I’m guessing you mean “Old English” since it’s sometimes said to be that old, but realistically that version of English has very little in common with English now (it was verb-second, for example, like German still is today). Even the post-Danelaw version of a couple hundred years later (with Norse borrowings like “husband” and even the pronouns “they/them”) resembles modern English a lot more. Middle English was largely due to the influx of Norman French (both morphological and syntactic changes), and the whole thing isn’t really recognizable as quasi Modern English until around 1500-1600.

Point is: language is a continuum, and a lot of these oldest this/oldest that claims in language just have to do with where someone is arbitrarily drawing a line.

Modern German for lox is “Lachs” (same pronunciation really, and spelling ultimately doesn’t matter in linguistics).

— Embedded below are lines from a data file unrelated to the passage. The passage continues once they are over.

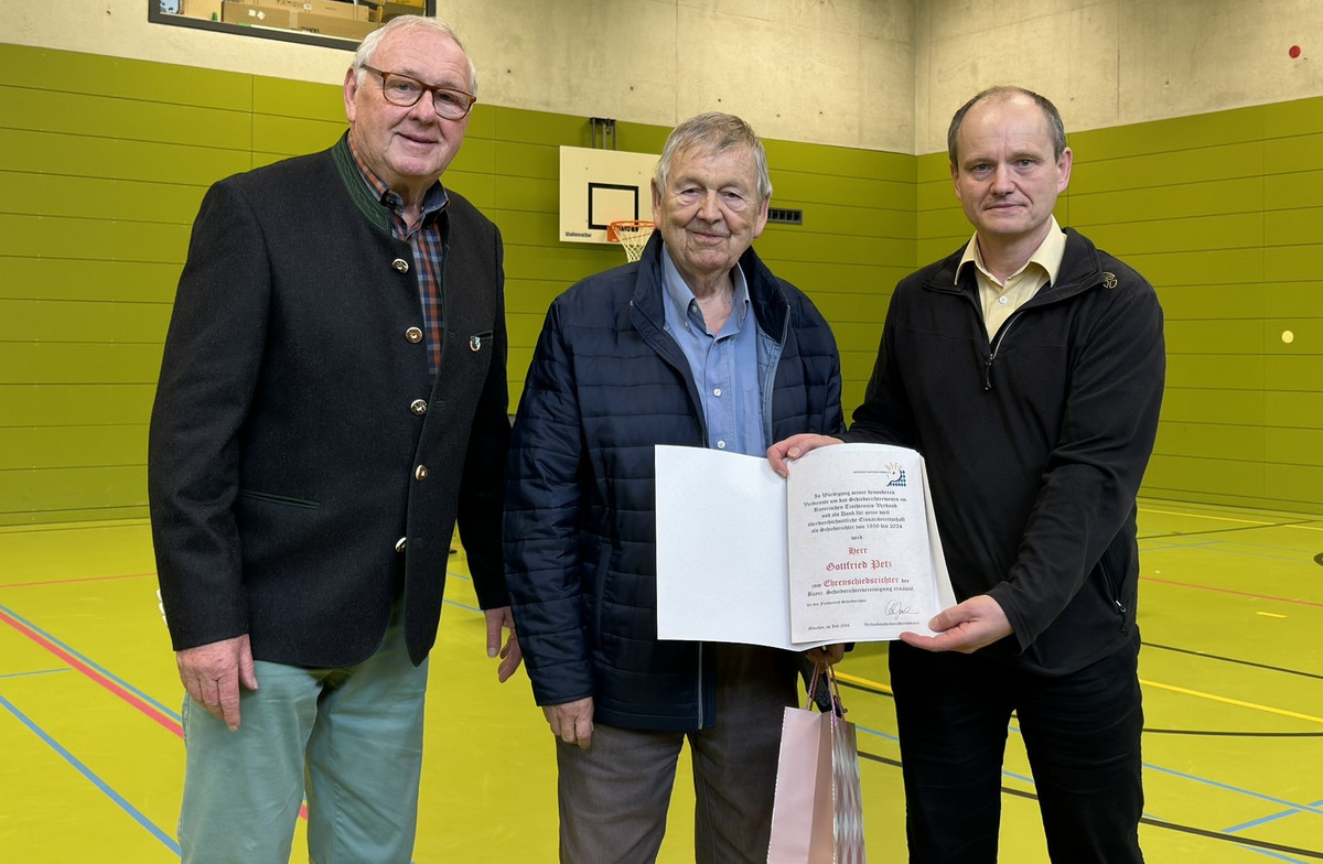 Auf dem Bild sehen wir Gottfried, wie er vom Nationalen Schiedsrichter Tino Arlt in Begleitung des Bezirksvorsitzenden Rudi Prösl die Urkunde als Ehrenschiedsrichter überreicht bekommt. Rudi Prösl hat Gottfried für seine ehrenamtlichen Leistungen als Fachwart in verschiedenen Ämtern des Bezirkes Oberpfalz mit der Ehrennadel des Bezirkes ausgezeichnet.
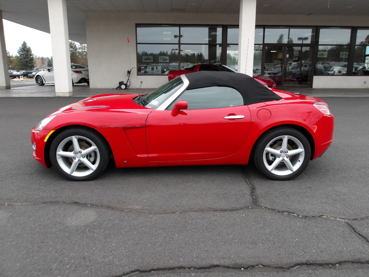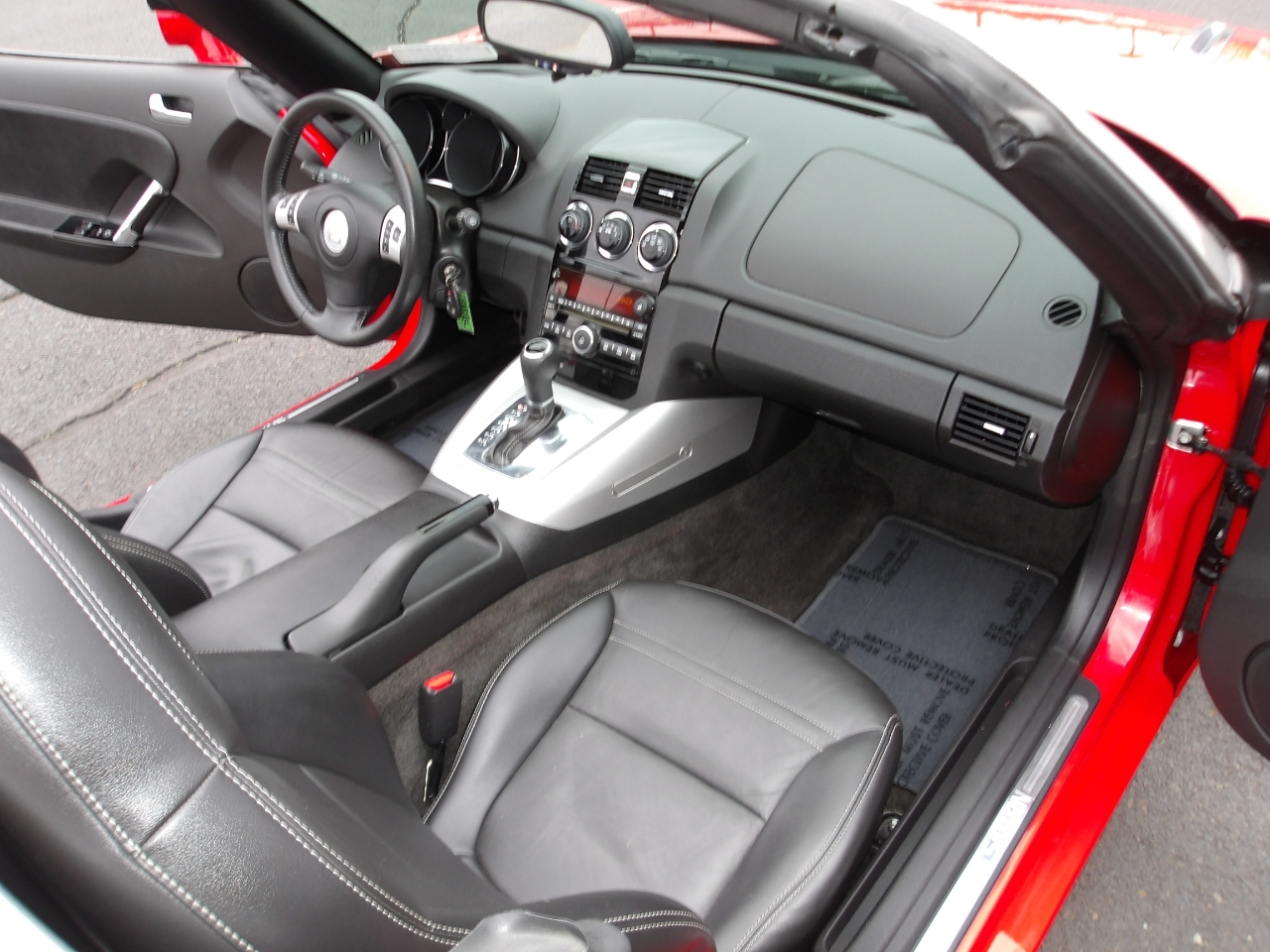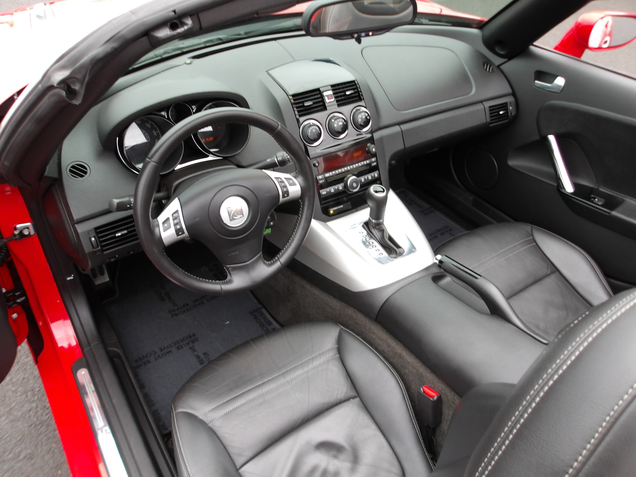 Step inside the cockpit and settle into the leather-wrapped shift knob as you adjust the 2-way power driver seat to your liking. Stay comfortable with the air conditioning and keep your belongings secure in the lockable glove box. With safety features like dual stage frontal impact airbags and pretensioners on the safety belts, you can drive with peace of mind. Buckle up and experience the joy of driving with this sleek and stylish Saturn Sky!
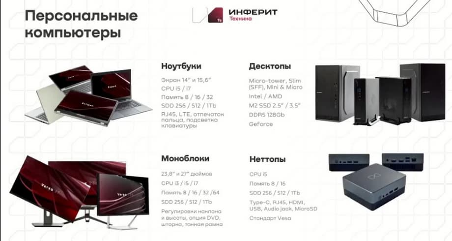 Теперь о персональных компьютерах. Производим ноутбуки с экранами 14 и 15,6 дюймов, с памятью в 8, 16 и 32 Гбайт, с дисками 256, 512 Гбайт и 1 Тбайт. У нас практически нет розничных моделей, т.е. некоторые десктопы, самые недорогие, приближаются к розничному сегменту. Нами выпускаются десктопы Micro-tower, Slim, Mini и Micro, на процессорах таких вендоров как Intel и AMD. Все основные форм-факторы есть, точно также все конфигурируется с трафиком и без оного. Можем даже собирать игровые машины, такое тоже иногда заказывают.
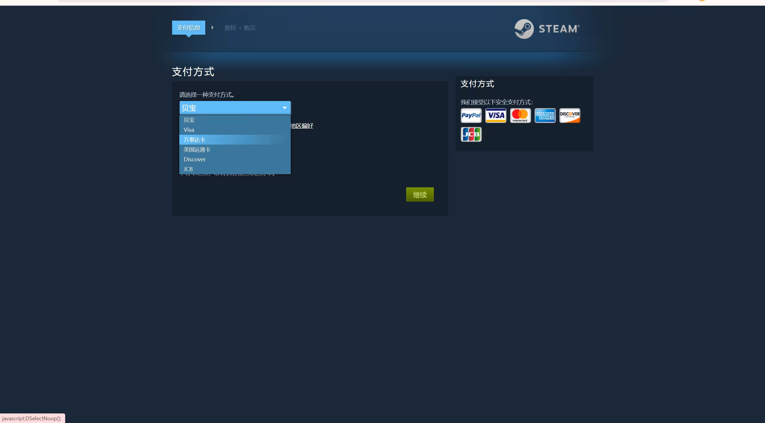选择支付方式。点击万事达卡输入您的 Hutaocards 卡片。点击继续。
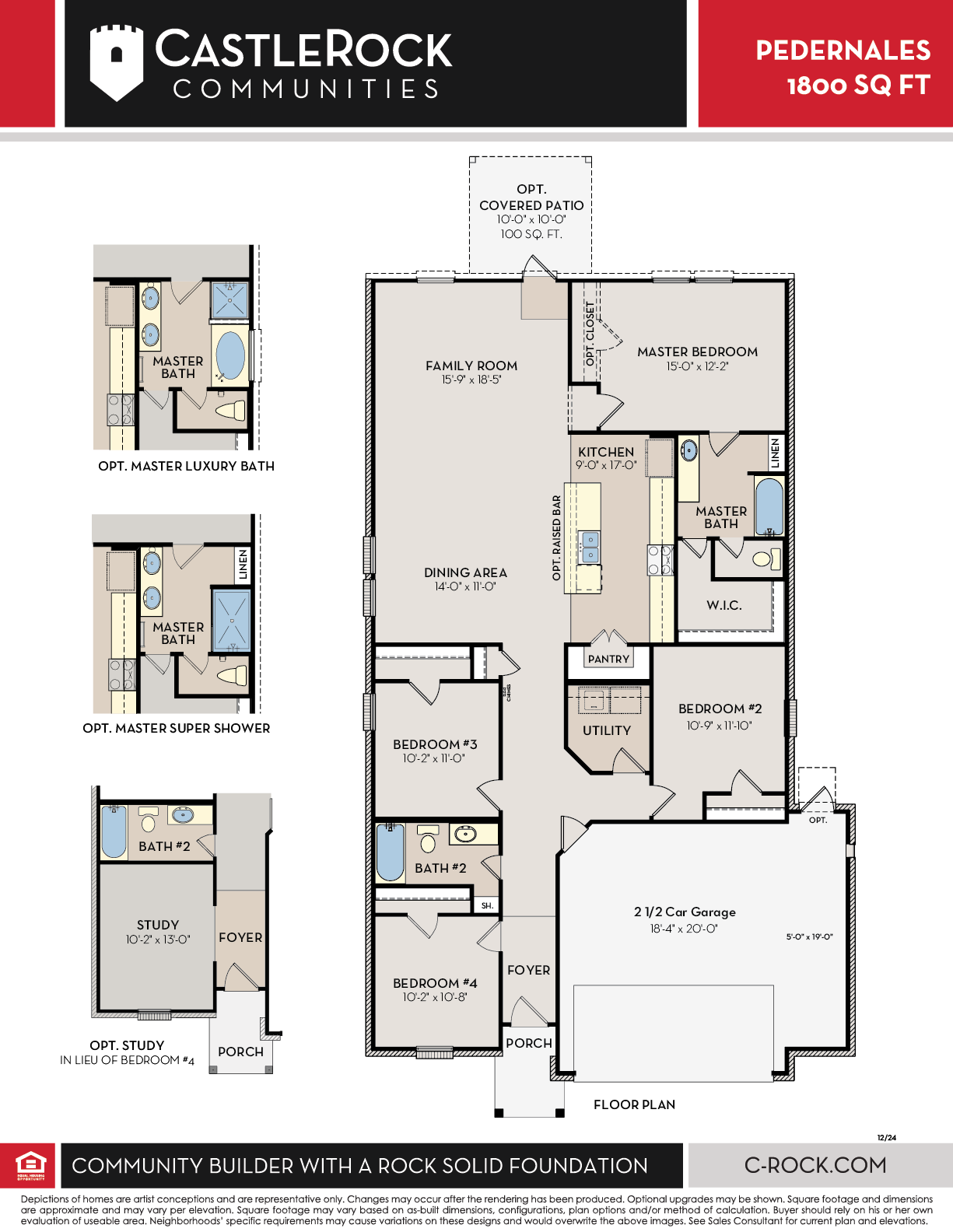 The exciting Pedernales floor plan boasts a four bedroom, two bathroom single-story home. Upon entering this outstanding home, you are met with a foyer area with access to your fourth bedroom at the front of the home. In need of a secluded work from home space or an area for the kids to do their homework? Transform the fourth bedroom in to a study room for your convenience. A little further down the hall and you will discover your third bedroom with the full secondary bathroom residing between the two bedrooms. You also will find the entry to your 2.5-car garage. Around the corner from the garage is your sizable walk-in utility room, as well as your second bedroom. At the heart of your home is the uniquely-designed combined family room and dining area that your friends and family are sure to enjoy. Never miss out on any conversations with guests, since the open-concept kitchen area opens up to the combined family room and dining area, making hosting guests for the holiday a breeze. Your kitchen comes fully equipped with ample counterspace featuring granite countertops with a ceramic tile backsplash, a kitchen island with the option to raise the bar for additional seating underneath, industry-leading appliances, and an oversized, walk-in pantry. You will love entertaining guests in this home! The door from your family room leads to your optional covered patio - perfect for relaxing outdoors or grilling out for your friends and family. Retreat to your master suite where you can relax in your master bathroom. The master bathroom is complete with a shower/tub enclosure, the option for dual vanities, as well as the option for two closets - one of them being a walk-in closet! If you want to enhance your master bathroom, opt to include a master luxury bath or a super shower featuring standard dual vanities instead. The opportunities in the Pedernales are limitless!
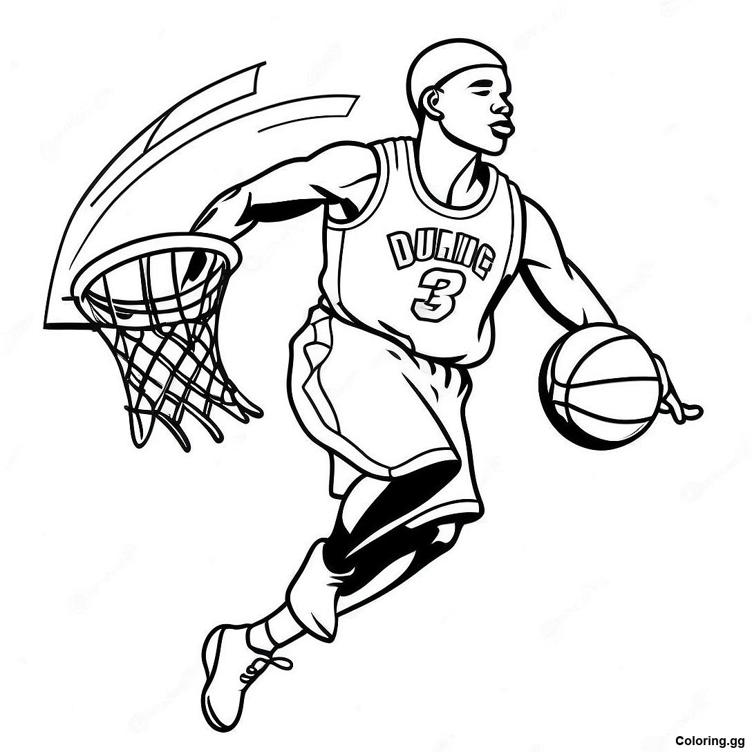 ดาวน์โหลด PDF ที่พิมพ์ได้ของ หน้าระบายสีผู้เล่นบาสเกตบอลที่ดังก์
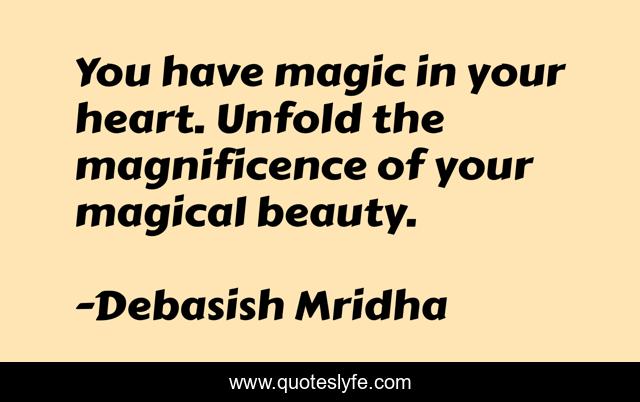 This page presents the quote "You have magic in your heart. Unfold the magnificence of your magical beauty.". Author of this quote is Debasish Mridha. This quote is about magical-beauty, magic, beauty, magic-in-your-heart, philosophy, debasish-mridha, quotes, inspirational, enthusiasm,.

This makes sense, because the English of 1500 years ago would have been relatively close to German varieties of the period. But doesn’t that mean “lox/Lachs/however you want to spell it” goes back further than that, perhaps to some earlier parent of both English and German? Yes, it likely does.

Edit: and yes, as others have said, that means lox is not a borrowing (vs. e.g. “husband”). Lox existed before anyone was calling English English. But that’s also true of e.g. pronoun “he” and a lot of other stuff: by definition, any word that is reconstructed in Proto-Germanic and still exists in English today is “the oldest” (but there will be many of them and they’re all roughly considered to be the same age, since proto-languages are ultimately abstractions with no exact dating).